1972 African Cup of Champions Clubs

Tournament details
- Dates: April - 22 December 1972
- Teams: 26 (from 1 confederation)

Final positions
- Champions: Hafia FC (1st title)
- Runners-up: Simba FC

Tournament statistics
- Matches played: 45
- Goals scored: 154 (3.42 per match)
- Top scorer(s): Godfrey Chitalu (13 goals)
- Best player: Chérif Souleymane

= 1972 African Cup of Champions Clubs =

The African Cup of Champions Clubs 1972 was the 8th edition of the annual international club football competition held in the CAF region (Africa), the African Cup of Champions Clubs. It determined that year's club champion of association football in Africa.

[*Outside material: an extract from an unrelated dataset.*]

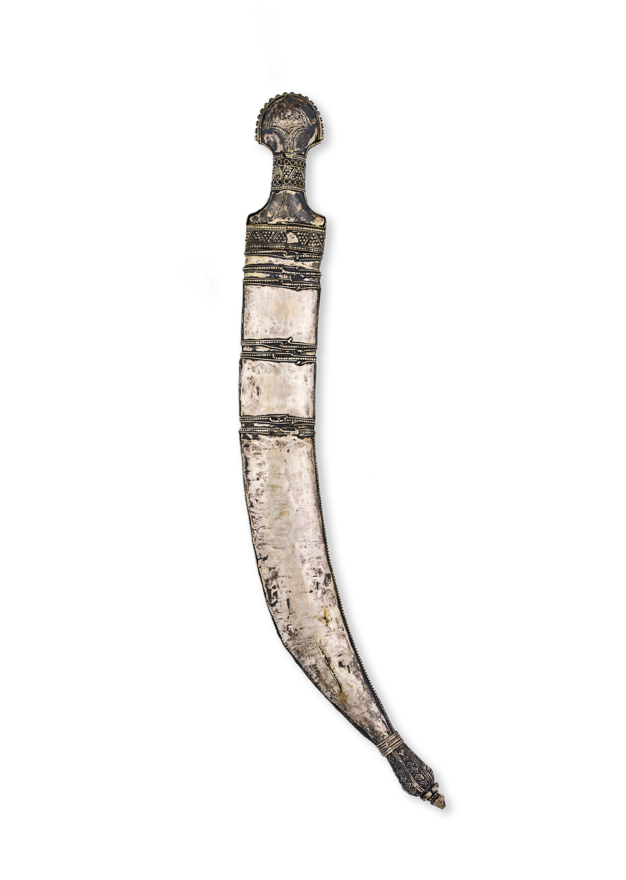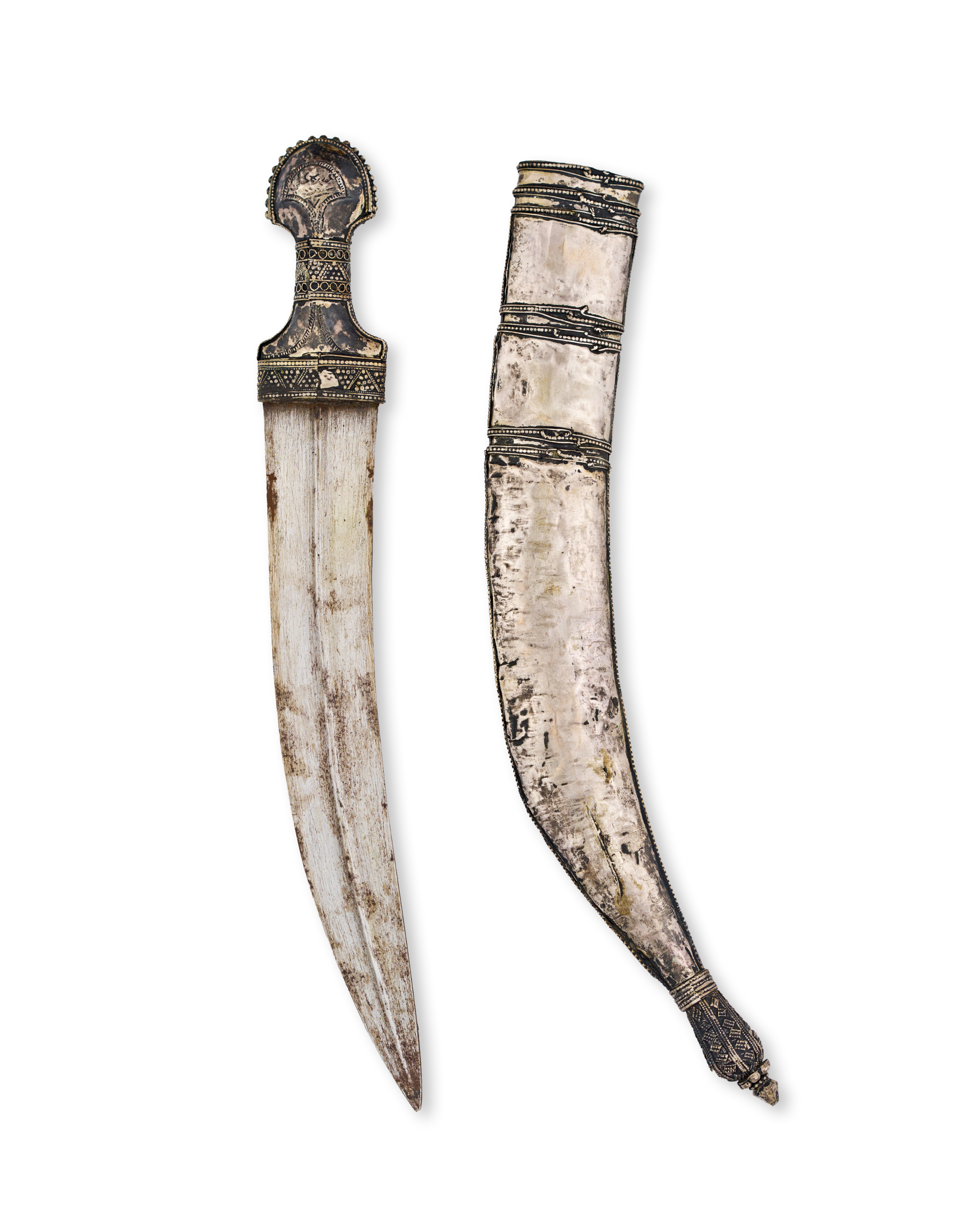 Richly mounted in white metal, the curved double-edged blade is housed in an equally curved sheath, both of which are decorated with intricate silverwork in a geometric and foliate patterns. The hilt features a rounded pommel with raised metal domes and granulated detailing, the sheath is elaborately adorned with finely chased and filigree motifs arranged in horizontal panels.

The tournament was played by 26 teams and used a knock-out format with ties played home and away. Hafia FC from Guinea won the final, becoming CAF club champion for the first time and the first Guinean team to win the trophy.

==First round==

^{1}Al-Merrikh withdrew.

^{2}Abaluhya United withdrew.

| Team 1 | Agg.Tooltip Aggregate score | Team 2 | 1st leg | 2nd leg |
|---|---|---|---|---|
| ASFA Ouagadougou | 1–4 | Djoliba AC | 1–3 | 0–1 |
| Aigle Nkongsamba | 3–2 | Olympic Real de Bangui | 3–1 | 0–1 |
| Al-Ahli Tripoli | w/o^{1} | Al-Merrikh | — | — |
| ASFA | 6–2 | AS Cotonou | 3–0 | 3–2 |
| Hafia FC | 5–2 | ASFAN | 4–1 | 1–1 |
| Hearts of Oak | w/o^{2} | Abaluhya United | — | — |
| Majantja | 2–11 | Kabwe Warriors | 2–2 | 0–9 |
| AS Saint Michel | 2–1 | Young Africans | 2–0 | 0–1 |
| Saint-George SA | 4–2 | Lavori Publici | 3–1 | 1–1 |
| TP Mazembe | 3–1 | AS Police | 2–0 | 1–1 |

==Second round==

^{1} After the match had finished 2-0 to Djoliba AC, leaving the aggregate level at 2–2, AS Forces Armées (Dakar) refused to take part in the penalty shootout to protest the officiating; they were ejected from the competition and banned from CAF competitions for three years.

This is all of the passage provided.